Sheree R. Thomas, “Introduction: Looking for the Invisible”

The title of this collection of various works by various authors is a multifaceted pun. “Dark matter” most immediately refers to the fact that this is a collection of writing by Black writers and so one aspect of the pun has to do with race and skin pigmentation. Another aspect is that the content has to do with matters that are very specific to the Black experience. The least familiar aspect of the pun requires an understanding of the astronomical term dark matter. This quote is literally a reply to the question “What is `dark matter’” which the author poses just before providing this answer. The point of understanding dark matter within this context is that these will be texts written by either by Black authors whose “glow or light” went undetected or stories about how Black people facing those situations and circumstances. The title is within this aspect of the pun a commentary on the invisibility of Black people living within a white-dominated society.

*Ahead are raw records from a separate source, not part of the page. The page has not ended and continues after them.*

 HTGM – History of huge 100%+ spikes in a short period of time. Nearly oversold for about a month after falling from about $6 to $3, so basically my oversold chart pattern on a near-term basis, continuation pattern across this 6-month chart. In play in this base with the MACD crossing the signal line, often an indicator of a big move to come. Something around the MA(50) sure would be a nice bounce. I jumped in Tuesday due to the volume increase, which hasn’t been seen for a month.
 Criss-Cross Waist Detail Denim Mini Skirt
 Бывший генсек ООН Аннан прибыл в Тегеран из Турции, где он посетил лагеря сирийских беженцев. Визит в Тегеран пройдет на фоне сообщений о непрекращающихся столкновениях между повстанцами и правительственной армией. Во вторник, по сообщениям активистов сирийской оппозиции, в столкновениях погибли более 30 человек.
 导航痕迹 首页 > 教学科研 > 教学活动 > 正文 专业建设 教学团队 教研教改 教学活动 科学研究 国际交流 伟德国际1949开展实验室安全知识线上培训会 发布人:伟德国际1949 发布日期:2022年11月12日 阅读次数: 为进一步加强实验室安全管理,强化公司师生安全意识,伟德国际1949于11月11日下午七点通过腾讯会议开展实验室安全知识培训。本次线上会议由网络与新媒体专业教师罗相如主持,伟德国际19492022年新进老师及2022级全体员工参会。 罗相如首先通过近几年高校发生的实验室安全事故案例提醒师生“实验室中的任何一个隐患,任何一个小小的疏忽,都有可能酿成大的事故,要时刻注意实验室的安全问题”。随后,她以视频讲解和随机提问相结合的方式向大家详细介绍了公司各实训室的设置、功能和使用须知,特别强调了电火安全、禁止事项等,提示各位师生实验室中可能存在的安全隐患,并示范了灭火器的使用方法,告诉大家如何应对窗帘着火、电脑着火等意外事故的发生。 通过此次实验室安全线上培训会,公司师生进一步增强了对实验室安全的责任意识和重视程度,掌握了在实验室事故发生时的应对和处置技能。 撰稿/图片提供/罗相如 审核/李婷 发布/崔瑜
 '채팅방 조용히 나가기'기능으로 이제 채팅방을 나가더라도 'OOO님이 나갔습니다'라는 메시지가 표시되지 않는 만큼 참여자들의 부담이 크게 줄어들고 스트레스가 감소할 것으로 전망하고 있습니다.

"There are only a handful of mainstream black science fiction writers working today…One reason for this absence is that black writers have only recently entered the popular genres in force. Our writers have historically been regarded as a footnote best suited to address the nature of our own chains."

Walter Mosley, “Black to the Future”

This collection is divided into sections containing fiction and non-fiction. This quote is from a short essay by Mosley that resonates with the idea of scientific dark matter as a metaphor for science fiction writing by Black authors. Part of his rationale for explaining why this genre has traditionally been bereft of minority voices has far less to do with the creative side of writing than with the business side. Until the appearance of Star Wars and the elevation of science fiction films from low-budget movies onto the A-list of potential blockbusters, science fiction had been a very self-contained literary genre guided by rigid expectations of content with very limited opportunities for publication. Those opportunities were owned and operated by mostly white men with surprisingly limited expectations about the future. As a result, minority writers wanting to take advantage of the limited potential for publication were basically told that if they wanted to write speculative fiction about the future, it should reflect the racial realities of the present. In other words, either present 2050 as being a world in which racial relations were no different from 1950 or don’t bother submitting at all. This state of affairs resulted in the metaphorical consequence that the glow and light of neither Black authors nor Black characters could be detected by readers.

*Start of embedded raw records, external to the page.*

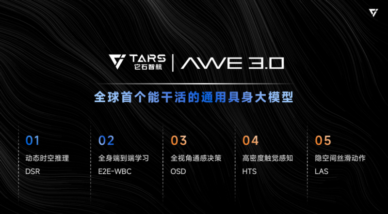 它石智航本次發布的全球首個能干活的通用具身大模型AWE3.0,核心突破在于對物理世界的感知、理解和規劃。該模型采用自研AI world Engine架構,進一步擺脫視角依賴,具備人類般的精細流暢操作能力、長程任務穩定執行能力,以及跨場景遷移與泛化能力,完美詮釋了“走出溫室、落地干活、通用泛化”的核心定位,更繼承了對空間規律與物理法則“知其然,更要知其所以然”的理解、預測與推理能力。
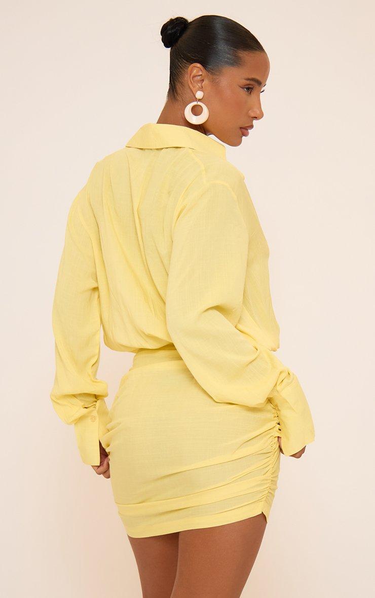 Long Sleeve Ruched Skirt Detail Mini Dress In Yellow Linen
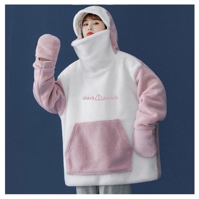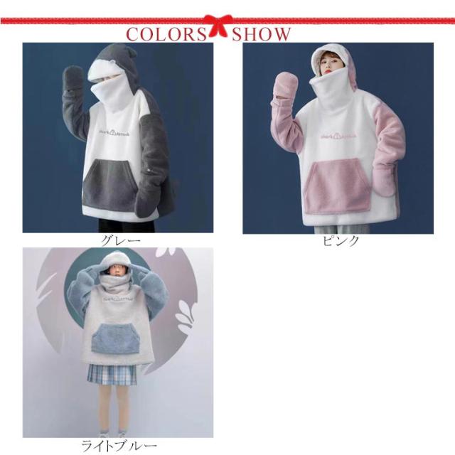 | ふんわりもこもことした生地でやわらかい雰囲気が季節感を漂わせてくれる1枚。 柔らかい着心地で肌触りがとても良くて、秋冬から春ロングシーズン使えるアイテム。 サメの口のように見えるジッパー式フードが個性溢れ、面白い。バックしっぽ付きより後ろ姿も可愛い。 もこもこ可愛く暖かいルームウェアでお家時間が楽しくなります。 ゆったりとしたシルエットと大きいフード付きなので、おしゃれなデザイン感が持ちながら、体型カバー効果も! 上品さと可愛らしさを兼ね備えたデザインで、ペアルック/カップルパーカーとしてもおすすめします。 | |
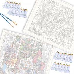 Platno je napeto na lesenem blind okvirju (blej okvirju), kar olajša slikanje in omogoča, da končano sliko takoj obesite. Komplet je odličen za sprostitev, razvoj kreativnosti in tudi kot darilo za otroke in odrasle.

"As he became more and more absorbed in the narrative, his eyes assumed a dreamy expression, and he seemed to lose sight of his auditors, and to be living over again in monologue his life on the old plantation."

John, “The Goophered Grapevine”

The oldest story in the collection (1887) is by a little-known mixed-race writer named Charles W. Chesnutt who just very well might be the greatest short story writer America has yet produced. “The Goophered Grapevine” is his most well-known tale and is emblematic of his finest short fiction. In a series of stories, a couple from the North named John and Annie have bought a former plantation in the aftermath of the end of the Civil War. The structure of this series of stories is that they are officially narrated by John but always lead to a story-within-the-story narrated by a former slave named Julius. The passage above takes place at the point in which the narrative perspective transforms over into the dialect-heavy first-person storytelling by Julius. The Julius stories use the dual narrator structure to make ironic points about racism and that point is reflected in the actual publication history. Chesnutt’s complexion was light enough for him to have easily “passed” as a white but consistently identified himself as Black writer. “The Goophered Grapevine” eventually reveals the former slave Julius to be clever enough to portray himself according to the racially biased expectations of John and Annie while in reality being far more sophisticated. Chesnutt did not hide the fact that he was a Black author from his readers, but he did write stories that seemed on the surface to confirm their racial biases while actually completely subverting them in a way too sophisticated for most of his white readers to grasp.